Starting this fall, students at San Francisco Unified School District will no longer have the option of chocolate milk in school lunches. The California district said it has banned the beverage due to its added sugar and extra calories.

“We’ve always gotten a lot of calls and complaints from parents because it adds a lot of sugar to kids’ diets,” says Libby Albert, director of school nutrition services for the district.

Last year, the district piloted eliminating chocolate milk at five schools. While Albert says the change affected milk consumption at first, students didn’t take long to get used to it.

“What we found over the year is that initially the kids didn’t select the [plain] milk ... but it pretty quickly went back to was before,” she says.

SFUSD officials say they found no decrease in the number of milk cartons kids took at two of the pilot schools, and only a slight decrease in the other three. The actual ban will begin this fall at the district’s elementary and middle schools and will roll out to its high schools in the spring.
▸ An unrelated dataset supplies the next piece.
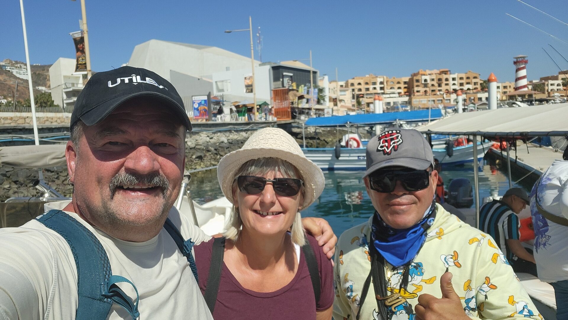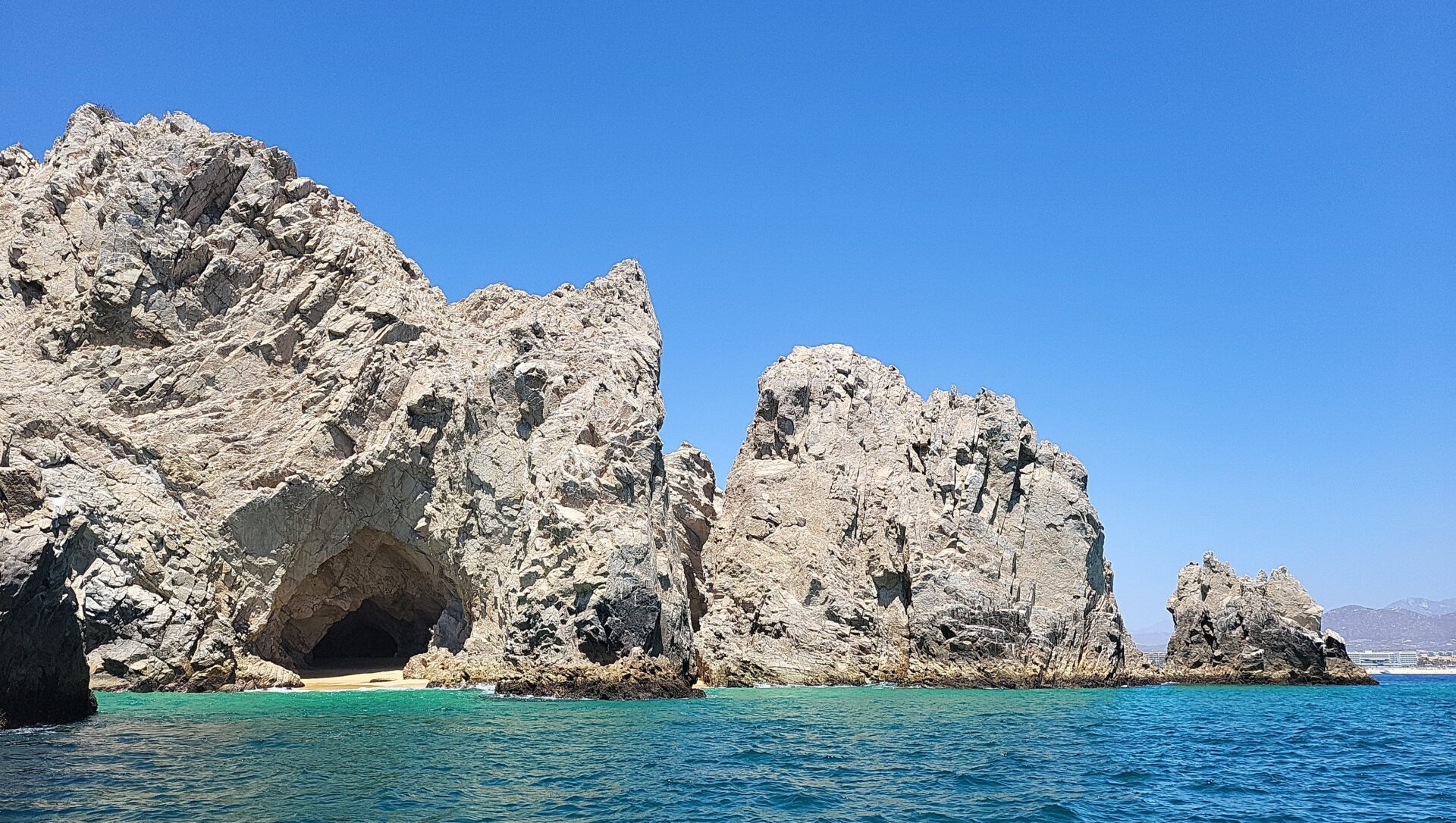Nachdem wir am Vorabend das quirlige Treiben an der Hafenpromenade von Cabo San Lucas bei einem feinen Abendessen genossen haben, zieht es uns heute hinaus aufs offene Meer. Voller Vorfreude besteigen wir unser Boot für die geplante Tour zum südlichsten Zipfel der Halbinsel. Wir gleiten sanft über das türkisblaue Wasser, vorbei am malerischen Playa de los Amantes, dem Liebesstrand, der versteckt zwischen den steilen Klippen liegt. Kurz darauf passieren wir den markanten Pelican Rock, wo sich zahlreiche Seevögel und unter der Wasseroberfläche bunte Fischschwärme tummeln.
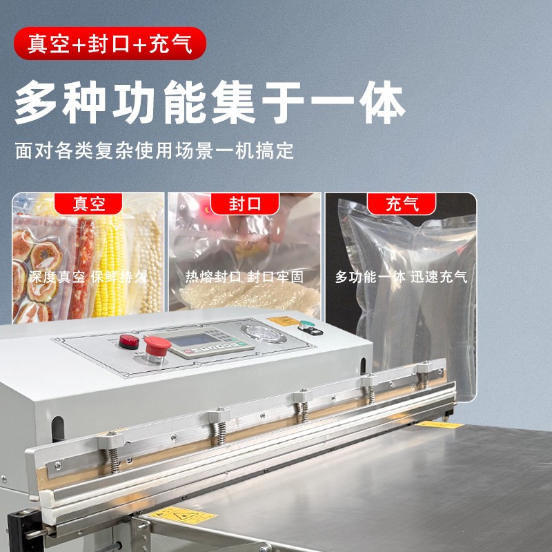 多功能一體的外抽真空包裝機,是在基礎外抽真空功能上,整合了充氣保鮮、封口、印字等多種功能的設備,能一站式滿足不同物品的包裝需求,核心優勢是功能集成度高、場景適配性強,無需額外購置多臺設備。

Not all students readily accept plain milk, however. A 2014 study by Cornell University showed that eliminating the chocolate variety can decrease milk consumption while causing increased waste and fewer student lunch purchases. Chocolate milk was added back to the menu at Los Angeles Unified School District after six years of its absence, after the district concluded that offering the beverage caused a 23% increase in milk consumption.